Концепция региональной зависимости, являющаяся основой модели центра – периферии, положила начало другой, радикальной, точке зрения на региональные неравенства. В ее рамках утверждалось, что география развития есть отражение классовых интересов, формирования добавленной стоимости и роли государства в поддержке частного капитала. Управляющей силой экономического развития является накопление капитала, и это требует сосуществования доминирующих центральных областей и подчиненных им периферийных регионов. Динамика национального центра в свою очередь зависит от финансового и промышленного капитала развитых стран. Иерархия усиливается деятельностью социальных и политических элит, делающих невозможной действенную политику выравнивания.

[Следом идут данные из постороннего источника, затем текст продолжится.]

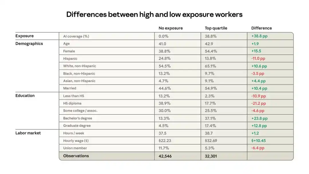 近日,Anthropic 发布了一项研究,精确描绘了当前 AI 正在替代哪些工作。最容易受到影响的群体出乎意料:他们更年长、受教育程度更高、收入也更高(比平均水平高出 47%)。并且,他们拥有研究生学历的概率几乎是那些尚未被 AI 影响人群的四倍。

Другой моделью, обычно ассоциирующейся с радикальными взглядами, является так называемый «агрополитический» взгляд на региональное развитие. Ключевым моментом данного взгляда является так называемое «выборочное региональное закрытие», которое подразумевает высокую степень экономической и политической автономии в регионе, даже за счет, по крайней мере, в краткосрочном периоде, роста совокупных доходов. Этот взгляд также отстаивает максимально возможную децентрализацию принятия решений. Сельское хозяйство и местные природные ресурсы, как считается, составляют основу процесса регионального развития.

Третий подход, неоклассический, основывается на гораздо более узком рассмотрении доминирующих сил в экономике. В самом простом виде регион здесь рассматривается как совокупная производственная единица, внутри которой равновесие доходов и занятости возникает из слаженной работы рынков факторов производства. Состояния неравновесия отражают недостатки регулирования или несовершенство рыночных процессов. Этот подход является одним из тех, который поддерживают большинство регионалистов. Однако критика обращает внимание на упрощенное объяснение моделей экономического роста, усиленный акцент на формальном производственном секторе как на первичном адепте технологических и институциональных изменений и на отрицании социальных и политических факторов.

Описанные три подхода – совокупной причинной обусловленности, радикальный и классический – не исключают друг друга. Хотя они и предлагают альтернативные теории регионального развития, каждый подход может быть использован при формировании политики регионального развития. Региональные программы экономического развития могут принимать различный вид, в зависимости от того, какие подходы были использованы при их формировании и в каком объеме. Так, неоклассический подход придерживается роли факторов производства. Теория совокупной причинной обусловленности ложится в основу политики центров экономического роста (т. н. полюсов роста) и политики совершенствования инфраструктуры, транспорта, коммуникаций и образования. Радикальные теории предполагают акцент на региональном закрытии и большей степени региональной автономии. Набор инструментов региональной политики может состоять из элементов всех трех подходов.

 

Список литературы

1.    Handbook of regional and urban economics. Edited by P.Nijkamp, Free University. Amsterdam, 1986.

2.    Hirschman A. O. The strategy of economic development. Yale University press. New Haven,1958.

3.    Friedmann J., Weaver C. Territory and function. The evolution of regional planning. Edward Arnold, 1979.

4.    Myrdal G. Economic theory and underdeveloped regions. London: Duckworth, 1957.

5.    North D. C. Location theory and regional economic growth, Journal of political economy. Vol. 63, №3 (June 1955).

6.    Regional policy: Readings in Theory and Applications. Edited by J. Friedmann and W. Alonso. MIT Press, England, 1978.

7.    Richardson H. W. Regional growth theory. London: MacMillan, 1973.

8.    Townroe P.M. Location factors in the decentralization of industry. A survey of Metropolitan. Sao Paulo, Brazil, World Bank Staff Working Paper. 1979.517.